Cognition Dissemination: Why Didn’t Atlus Develop Their Own Demon’s Souls Replacement?

The success of From Software’s Demon’s Souls caught everyone off guard when it released for PlayStation 3 in 2009. From Software’s games have never been that popular worldwide, and they and their then-small fanbase likely expected a modest success. But it was Sony who had the least amount of faith in it, as despite them publishing it in Japan, the western arms passed it to other publishers. The game was one of the biggest sleeper hits of the last console generation, which led to Sony execs admitting how big of a mistake they made in skipping it. From continued the Souls series in a multiplatform fashion with the Dark Souls series.

It’s worth noting how big of a success this was for North American publisher Atlus USA. At the time, they knew it would be popular thanks to the buzz it generated online. But they weren’t expecting high sales after several imported the Asian version, which contained English options — though with typos and grammatical errors. They only expected it to sell 75,000 copies in America, but were delightfully surprised when it sold twice that in the first month. It sold 280,000 by the end of the fiscal year in 2010, and 500,000 after its first year. It was one of the most successful games in Atlus USA history, and outsold most of their own games. It’s possible Persona 5 has matched it, a game that only released this year.

The Souls series wouldn’t stick with Atlus’, since From Software chose Demon’s Souls’ European publisher Bandai Namco to publish the Dark Souls games outside Japan due to their worldwide presence. But that raises a good question: Why didn’t Atlus make their own Souls-style game to maintain that source of revenue for the west, and establish it in Japan? It’s an especially relevant question with news that Demon’s Souls’ servers are being taken offline at the end of February, and there are two hypothetical reasons.

Demon’s Souls was a big success for Atlus USA, but they couldn’t follow it up with anything.

The first one is that Atlus’ development teams were simply too busy with other matters. The Persona team (P-Studio) spent the entirety of the last console gen adjusting to HD development. Catherine was their first HD experiment while Persona 5 was the main course, though the latter took considerably longer to release than expected when it arrived in Japan late last year and in the west this year. Meanwhile, the other teams didn’t want to be bothered with the horrors of HD development, and remained on handhelds by working on franchises like Etrian Odyssey, Devil Survivor, and Shin Megami Tensei installments. Between those, it was easy to believe they simply didn’t have the resources.
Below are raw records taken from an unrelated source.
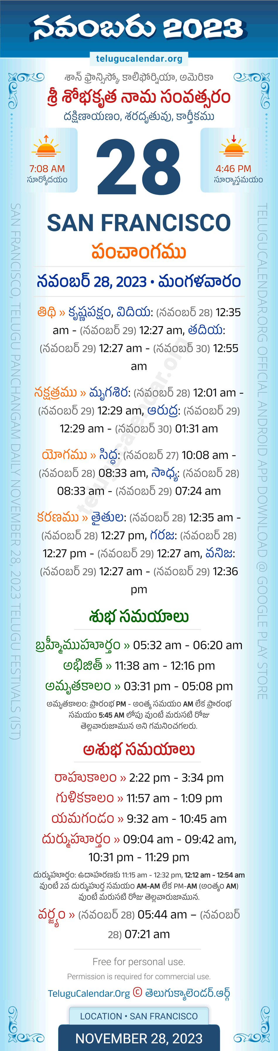 San Francisco Panchangam November 28, 2023 Daily Sheet in Telugu... San Francisco Telugu Panchangam Tuesday, November 28, 2023, Today's San Francisco Tithi: Krishna Paksham, Vidiya: (Nov 28) 12:35 am - (Nov 29) 12:27 am, Thadiya: (Nov 29) 12:27 am - (Nov 30) 12:55 am, Today's San Francisco Nakshatram: Mrigasira: (Nov 28) 12:01 am - (Nov 29) 12:29 am, Arudra: (Nov 29) 12:29 am - (Nov 30) 01:31 am, Telugu Year: Sri Sobhakritu Nama Samvatsaram, Vedic Aayana: Dakshinayanam, Vedic Rutuvu: Sharad, Chandramasa (Amanta): Kartikamu. Below image showing information about the 5 attributes of the day, viz., Varam, Tithi, Nakshatram, Yogam & Karanam along with starting and end timings. Read more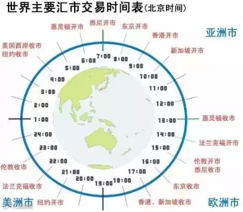与地域性强、交易时段固定的股票市场不同,外汇市场由全球主要金融中心无缝衔接运行:新西兰惠灵顿开市后,澳大利亚、东京、新加坡、伦敦、法兰克福、纽约市场依次接力,实现全天候不间断交易。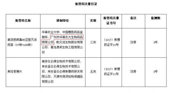 根據(jù)《獸藥管理?xiàng)l例》和《獸藥注冊(cè)辦法》規(guī)定,經(jīng)審查,批準(zhǔn)華南農(nóng)業(yè)大學(xué)等9家單位申報(bào)的禽流感病毒H5亞型滅活疫苗(D7株+rD8株)等2種產(chǎn)品為新獸藥,核發(fā)《新獸藥注冊(cè)證書(shū)》,并發(fā)布產(chǎn)品試行規(guī)程、質(zhì)量標(biāo)準(zhǔn)、說(shuō)明書(shū)和標(biāo)簽,自發(fā)布之日起執(zhí)行。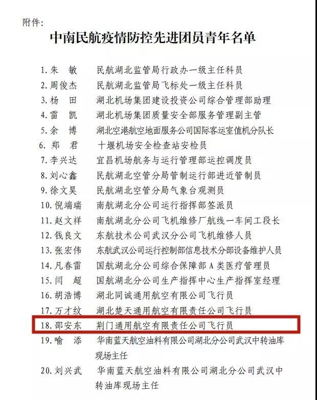 近日,從民航中南地區(qū)管理局獲悉,荊門通航飛行員邵安東同志被中南民航青年工作共建委員會評為“中南民航疫情防控先進團員青年”。這既是對邵安東同志的高度表揚,也是對航空人參與疫情防控工作的高度認可。

There’s also a chance they could have handled a project like this, and simply didn’t pursue it due to lack of interest. Japanese developers and publishers have a long history of not caring too much about the successes of their overseas subsidiaries, and this could be yet another example. It wouldn’t be surprising to hear if Atlus USA suggested the idea to the Japanese arm, only for them to silently ignore it.

Of course, that’s not to say that they can’t do it now. It’s clear Atlus Japan has now adjusted to console development with the releases of Persona 5 and Tokyo Mirage Sessions #FE, and the first HD mainline Megaten game in Shin Megami Tensei V is on the way (worldwide, notably). They now have the resources to handle larger simultaneous developments, thanks to Sega providing them with more support than previous owner Index Corporation ever did. So, it’s not too late for them to pursue such a project, since they care more about the worldwide market these days.

This would also be the kind of game where Kazuma Kaneko’s art would shine, since his style is both visually appealing and harrowing. He hasn’t contributed designs for a game for a while, but he still draws and remains an Atlus employee.

They would follow Bandai Namco’s lead if they pursued this now. As mentioned above, Bandai Namco published the Dark Souls games in western territories. However, Dark Souls III was the last game in the franchise. Though From is working on several other projects, one of which might be a spiritual successor, there’s no guarantee that Bandai Namco will receive the publishing rights.

Now that Bandai Namco’s lost Dark Souls, they’re making their own replacement.

That’s why they’re developing their own in cooperation with the God Eater team: Code Vein. If you’ve played the Souls games or have seen them in action, you only have to observe this title to realize how inspired by From’s games this. Though given how remarkably similar the animations are, and the game including a checkpoint system that heals the player and respawns enemies, “inspired” might be putting it lightly. It could use some polish, but hopefully Bandai Namco creates a game that feels unique, and is successful for them if it’s good.

You could also say Sony pursued their own, too, to make up for the mistake of passing over Demon’s Souls worldwide: Bloodborne. This one only somewhat counts, since From Software also developed it.

It’s not too late, but Atlus seems rather busy at the moment. If they give the concept a shot, it will likely be handled by Studio Zero, Atlus’ new development establishment from ex-Persona team members. The first project they announced was Project Re Fantasy, an initiative announced early to increase hiring for it and other initiatives. Fantasy-related titles tend to have general appeal in all markets, and the announcement was also shared by Atlus USA around the same time. It’s also been confirmed that Studio Zero is working on another project besides this, but there’s no indication that it’s a Souls-like game. Don’t expect Atlus to develop such a title, but it’s tough not to think about how unique the result would be.